Simon shook his head. He had forgotten about supper.

‘Oh, my dear, you must be so hungry—come and have it this moment. Mouse, sweeting, don’t cry like that; it will only make you sick—it always does.’ She turned on the scared maids with little shooing gestures. ‘Run along, Meg; run along now, Polly. Have you no sewing nor spinning waiting to be done?’

War might come; the skies might fall; but Simon’s mother would see to it that her husband had clean shirts, her family were fed, and her maids not idle.

IV
Horsemen from the West

SIMON LEANED AGAINST
the rough stone wall of the smithy, and gazed idly across the hummocky field-corner round which the lane curved like a horseshoe, to the church and straggling cottages of Little Torrington. He had ridden over to see Matthew Weeks about a litter of pigs, and had hoped to be home again by dusk; but only a mile on the homeward way Scarlet had cast a shoe, and he had had to turn back to have it seen to. It was a nuisance, but it couldn’t be helped, so he waited patiently.

The village had a very peaceful look in the early autumn quiet of 1644, so that it was hard to believe that England had been at war within herself for more than two years. Edgehill and Newbury were battles of the past, as well as a score of lesser fights. Parliament had triumphed at Marston Moor two months ago, and the Earl of Essex, overrunning the south, had driven Sir Ralph Hopton, the Royalist General, back into Cornwall. Leaders were rising out of the chaos, their names becoming household words; Prince Rupert and his brother Maurice, Hopton and Astley, for the King; and for Parliament, Fairfax and Waller, and a certain East Anglian squire, Oliver Cromwell, who had ideas of his own about raising armies. The whole country was in a turmoil, and yet always, between the marching armies, the ordinary life of ordinary folk went on: wool was woven and tin mined, the harvest gathered in, and the fields ploughed for the autumn sowing, people married or died or were born, and Sunday dinners were cooked.

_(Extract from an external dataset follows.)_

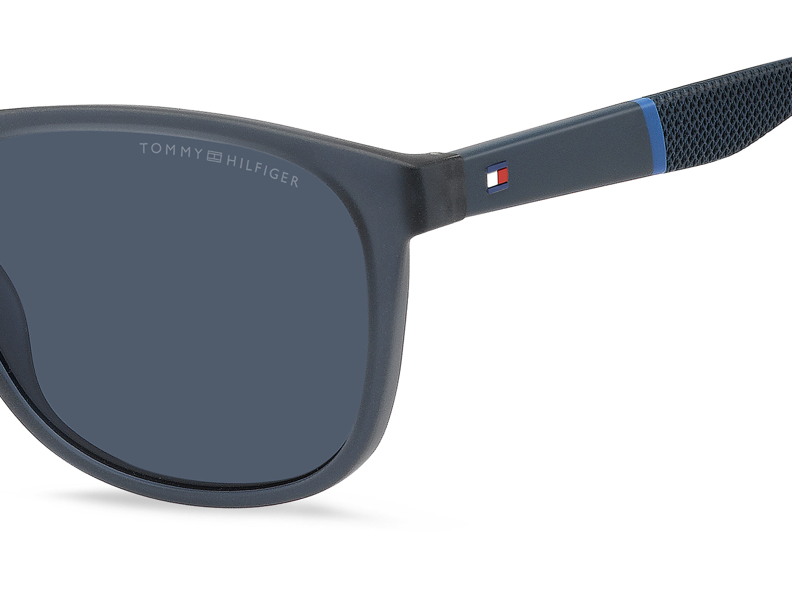• التفاصيل: يظهر شعار “TOMMY HILFIGER” بأحرف بيضاء صغيرة على العدسة اليمنى، بينما يظهر شعار العلامة التجارية باللونين الأحمر والأبيض والأزرق على مفصل الذراع، وهي لمسة مميزة تعبر عن هوية العلامة التجارية.

In Little Torrington, children were playing between the cottages, and there were Michaelmas daisies and a golden tide of Good-bye Summer in the little gardens. Two women stood in their doorways, discussing somebody’s shameless behaviour, and
their voices came to Simon clearly across the field corner. A lean pig rooted contentedly among the yellow cabbage-leaves in a garbage pile, and on the brown hillside beyond the church a man was ploughing, with a wheeling crying cloud of gulls behind him.

Leaning there, with the quick ring of the smith’s hammer in his ears, and his eyes on the distant plough team, Simon found himself thinking idly back over those two years. During the first few months, his father had been one of the Barnstaple Garrison, serving under Colonel Chudleigh, who had built the fort at Bideford—for North Devon too had had their leader at the outset; and James Chudleigh had led his men out to victory again and again, until his name began to have a ring to it that was almost magic. Simon had seen him once riding by, a young man laughing into the high March wind, and understood why his men followed him as a guiding flame. Then had come the day when the garrisons of the three towns had marched out to head off Hopton’s advance from Launceston (for Cornwall had risen staunch for the King as Devon had done for Parliament). They had been defeated, and news of the disaster, filtering back into Devon, had brought with it the almost unbelievable tidings that James Chudleigh, taken captive by the King’s men, had turned his coat for the sake of freedom and a Colonelcy in the Royalist Army! The bright flame had been only a jack-o’-lantern, after all; and when it flickered out, some of the heart seemed to go from the men who had followed it. A few weeks later, after Bideford and Torrington had fallen, Barnstaple had yielded without a fight, leaving Plymouth to stand alone for Parliament in the West Country.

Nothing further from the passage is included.